My
Dick Is Stuck In This Pineapple!
By
Paul Crowe and John Morrice
Hello
boys and girls! This is a story about how God can affect our lives
in the strangest ways.
Once
there was a boy called Percival who had a boil on the end of his
dick.
It
made him miserable.
First
he tried putting on lotion, but that didn't work.
Next
he went to the doctor, who said, “Why don't you try putting on
lotion?” Percival said he had, but the doctor didn't believe him,
and sent him off with a scolding in his ears.
So
off he went, feeling very sad. However, on his way home, he passed a
fortune teller's shop. An old wise woman sat outside and when she
saw Percival looking sad, she beckoned him closer.
“Why
so sad, little boy?

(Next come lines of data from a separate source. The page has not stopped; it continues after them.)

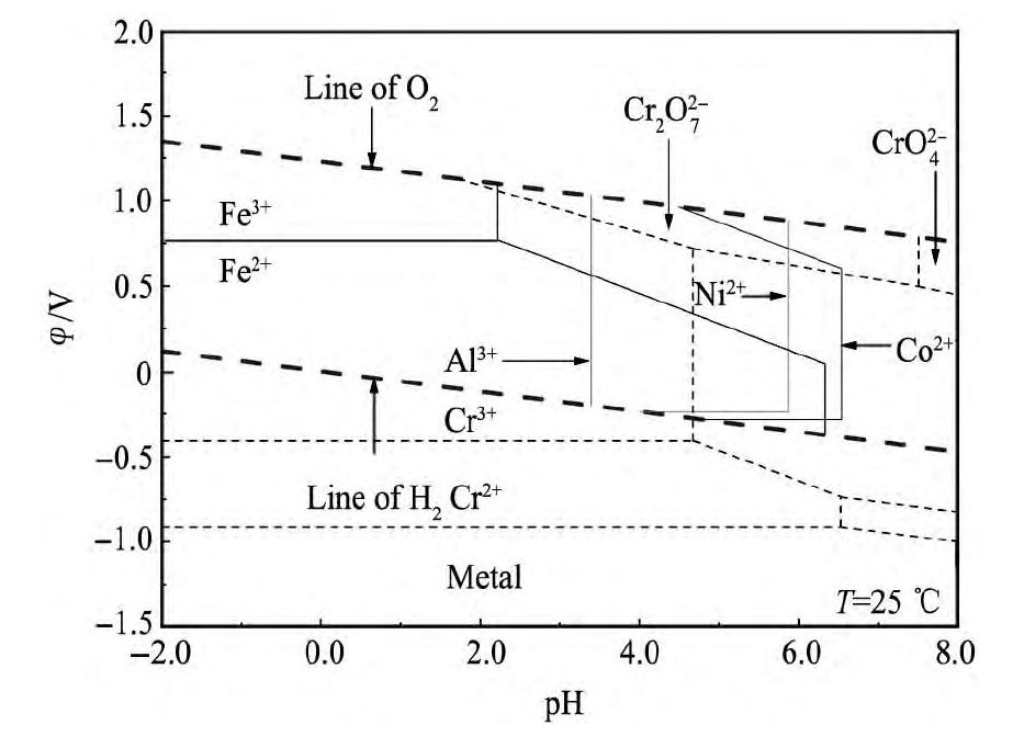 从负电位金属镍钴铝铬铁的水系φ-p H平衡图(图2)中可以看出,Ni2+,Co2+,Al3+,Cr3+,Fe3+和Fe2+在水溶液中偏酸性的区域内有较大的稳定存在区。在酸性范围内,Cr2+的稳定区域在H2线以下,表明Cr2+不能稳定存在于酸性水溶液中。这几种金属的稳定存在区域均在H2线以下,其放电电位均较氢负,所以在酸性条件下,相应的金属离子不会放电而析出,只有当其浓度积累到一定程度时,才可能在阴极得电子析出。总之,酸性条件下发生电极反应时,镍钴铝铬等均只以相应简单金属离子的形式进入溶液中,而相应的金属离子不会在阴极析出。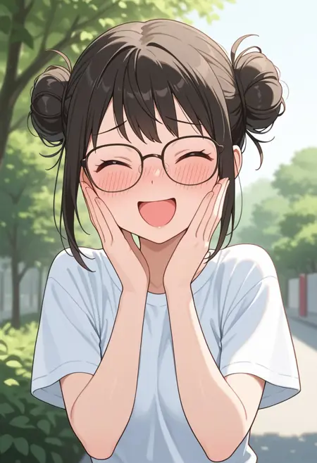solo, upper body, 1girl, double hair bun, glasses, t-shirt, kilig_pose, hands on own cheeks, open mouth, closed eyes, blush, smile, outdoor, masterpiece, 4k resolution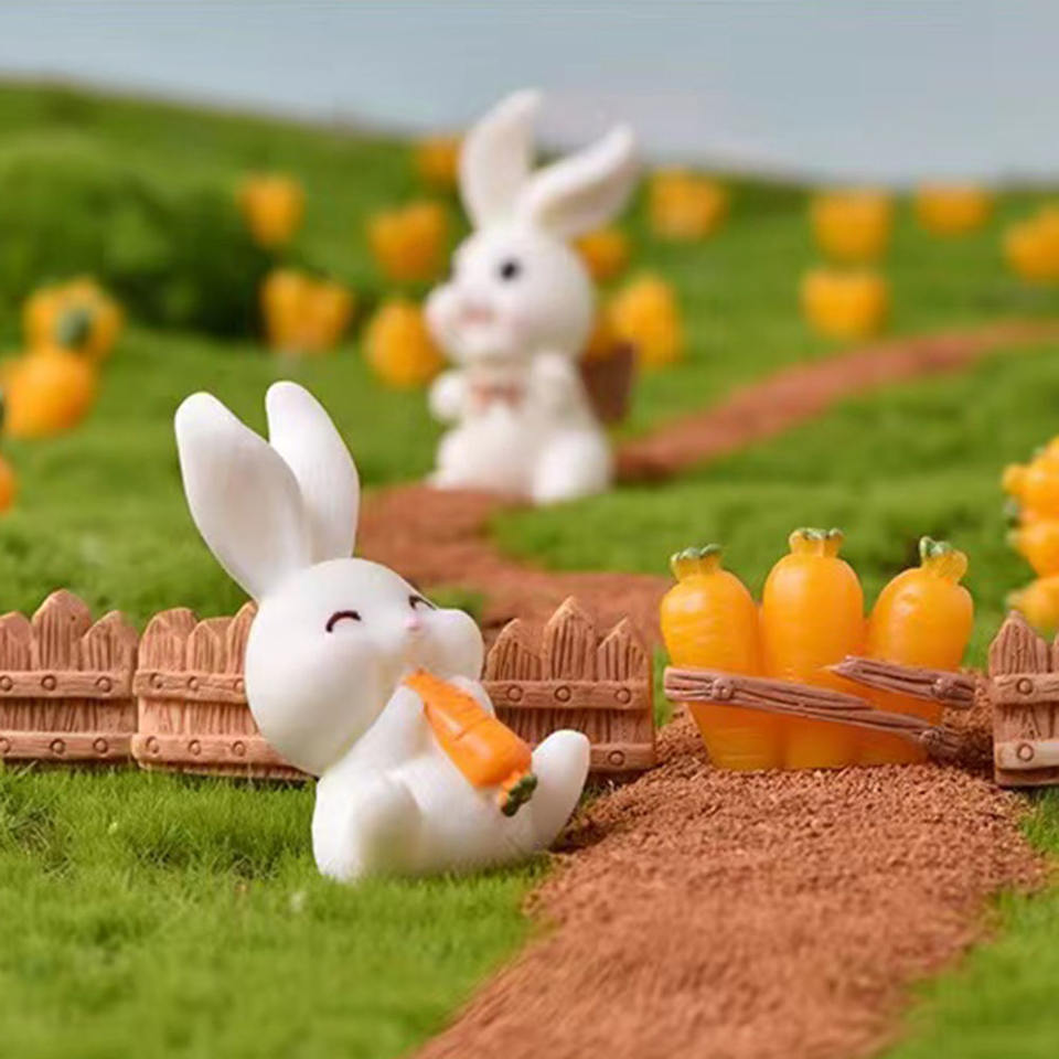 Décoration artisanale en résine de lapin et de carotte de dessin animé pour jardin miniature amusant, idéale pour maison de fée DIY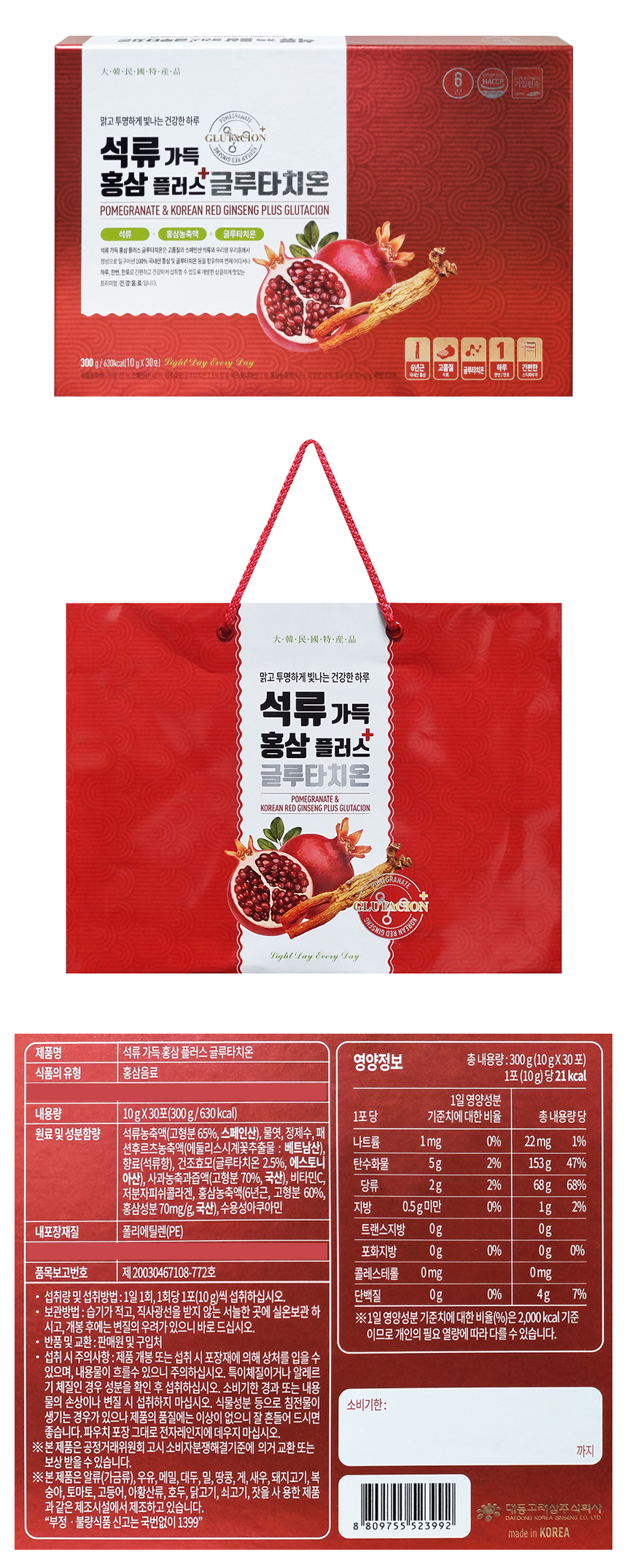 [대동고려삼] 석류가득 홍삼플러스 글루타치온 10g x 30포 + 쇼핑백

Has a girl run away with your heart?” she
croaked.
“No”,
said Percival.
“Have
your mother and father told you off for being naughty?”
“No”,
said Percival. Then a gleam came into the old woman's eye.
“There
is only one other thing that could make you so sad. You must have a
boil on your dick!”
“Yes
I have” said Percival, wincing in pain. “I don't know what to
do.”
“Come
with me, little boy, and I will give you something to cure your
boil,” she said.
Percival
followed her into the shop and gasped with amazement. The old wise
woman's shop was filled with strange and wonderful things.
He
saw a wasp stirring a cauldron.
He
saw another wasp building a boat.
He
saw a stick that knew how to smile.
He
saw an electric chair.
He
saw a man with tracing paper for skin.
He
saw a horse fucking a ghost.
He
saw three divers trapped in a fishtank.
He
saw one million magic tangerines compressed in a barrel.
And
he was impressed.
“Over
here, little boy”, said the old wise woman, and beckoned him
towards a towering fruit bowl. “Take this pineapple and stick your
dick in it, for only this can cure your boil.”
Percival
grabbed the pineapple and skipped gaily all the way home. Once
there, he raised the pineapple above his head and brought it hurtling
down on the boil. “Pop” went the pineapple. Almost at once, the
pain from the boil faded, but when he tried to remove the pineapple,
he found it was stuck.
“Help”,
said Percival, “My dick is stuck in this pineapple!”
“How
the fuck did that happen?” said Percival's father, charging into
the bathroom. Percival's father pulled with all his might, but the
pineapple would not move.
“I
have an idea” said Percival's mother. She took some twine from
under the sink and tied one end around the pineapple, then they tied
the other end to the handle of the bathroom door. But no matter how
much they slammed the door, the pineapple wouldn't budge.
“I'm
going to call the fire brigade!” said Percival's mother. When the
firemen arrived they measured the pineapple front to back and round
and round. Once they had assessed the situation they said “There's
no other way. We'll have to cut it off, and your dick too!”
Percival
was very sad, but his mother promised to buy him a lolly, so feeling
very brave he told the firemen it was okay.
The
firemen took their big cutting tool out of their fire engine and
placed it against Perical's
pineapple.
But when they turned it on, the cutter began to smoke and whine, and
no matter how hard they pressed it against the pineapple, it would
not cut.
The
firemen scratched their heads and wondered, until they got a call
about a fire and had to leave poor Percival's dick stuck inside the
pineapple.
Next
Percival's father said “I'm going to call the army!” who arrived
in a great big tank.
“Don't worry!” shouted the general.
“There's nothing that can withstand our bombs. So they attached a
big explosive to Percival's pineapple. “Kaboom!” went the bomb
as it exploded. But when the smoke cleared, although Percival's face
was all black and his clothes torn up, the pineapple was still there.
Seeing
it was no use, Percival's mother began to cry. “How can we send
Percival to school with a pineapple stuck on his dick?”
“Well
honey”, Percival's father said, “All we can do now is put our
faith in God that Percival's pineapple will some day be removed.”
“Let
us pray!” cried Percival's mother. And so Percival, and his mother
and father, and all the soldiers in their tank began to pray. God
heard them and soon an angel appeared, who said:
“If
you have something on your dick and you try to get it off by putting
something else on your dick, you will be damned. But if you put your
faith in God, you will be saved.” And just like that the pineapple
slid off Percival's dick.
And
so children, God speaks to us in many ways, even through genital
boils. What Percival learned was that when a woman asks you to
penetrate her fruit, it goes against God's will, and you should be
content with your painfully throbbing dick.